Waters embarked on a solo career after Pink Floyd, producing three concept albums and a movie soundtrack that failed to garner impressive sales. After Amused to Death in 1992, Waters spent much of the 1990s composing an opera entitled Ça Ira. It was announced to be finished on Roger Waters' website in February of 2005.

After the Berlin Wall came down in 1989, Waters staged a gigantic charity concert of The Wall in Berlin on July 21, 1990 to commemorate the end of the division between East and West Germany. The concert took place on Potsdamer Platz, a location which was part of the former "no-man's land" of the Berlin Wall, and featured many guest superstars and at the time was the biggest concert ever staged.

Roger Waters in concert in 1969
Roger Waters in concert in 1969

After a long hiatus, he started touring again in the late 1990s, performing live concerts of some of his most well-known work with Pink Floyd, alongside material from his solo career, before sizable audiences. He is also known to spend time working on a new solo album, which has the working title of Heartland, and will be released in 2006. Two possible tracks from this forthcoming album have been released on In the Flesh Live and the compilation Flickering Flame: The Solo Years Vol. 1 respectively.

In 2002 Waters performed at a concert organized by the Countryside Alliance in support of fox hunting, although Waters has never publicly held the Tory allegiances that this might suggest, and in fact viciously criticized the Thatcher government's policy in the Falklands War on The Final Cut (especially on the track "Get Your Filthy Hands Off My Desert").

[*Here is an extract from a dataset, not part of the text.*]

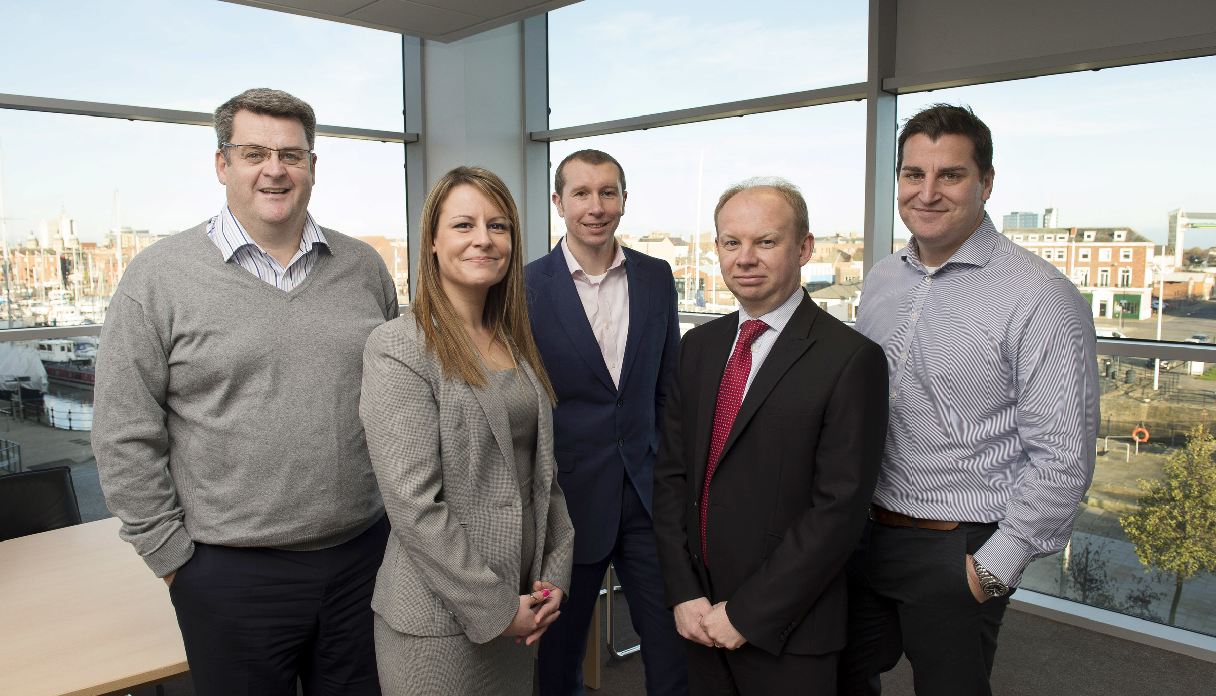 The first members of the team who will deliver Siemens wind turbine manufacturing and assembly facility in Hull have moved into new offices in the city. (Left to right: Finbarr Dowling, Charlene Swann, Kevin Wilkinson, Shaun Cray ,Ross Dean)

Waters' father, Eric Fletcher Waters, a soldier in the British Royal Fusiliers, lost his life in the Anzio Campaign of World War II (which is described in Waters' song "When the Tigers Broke Free"). This loss has been a recurring theme in much of Waters' work.

Miramax Films announced in mid-2004 that a production of The Wall is to appear on Broadway, with Waters playing a prominent part in the production of it. Reports say the musical will contain not only the original tracks from The Wall, but also songs from Dark Side of the Moon, Wish You Were Here and other Pink Floyd albums, as well as new material.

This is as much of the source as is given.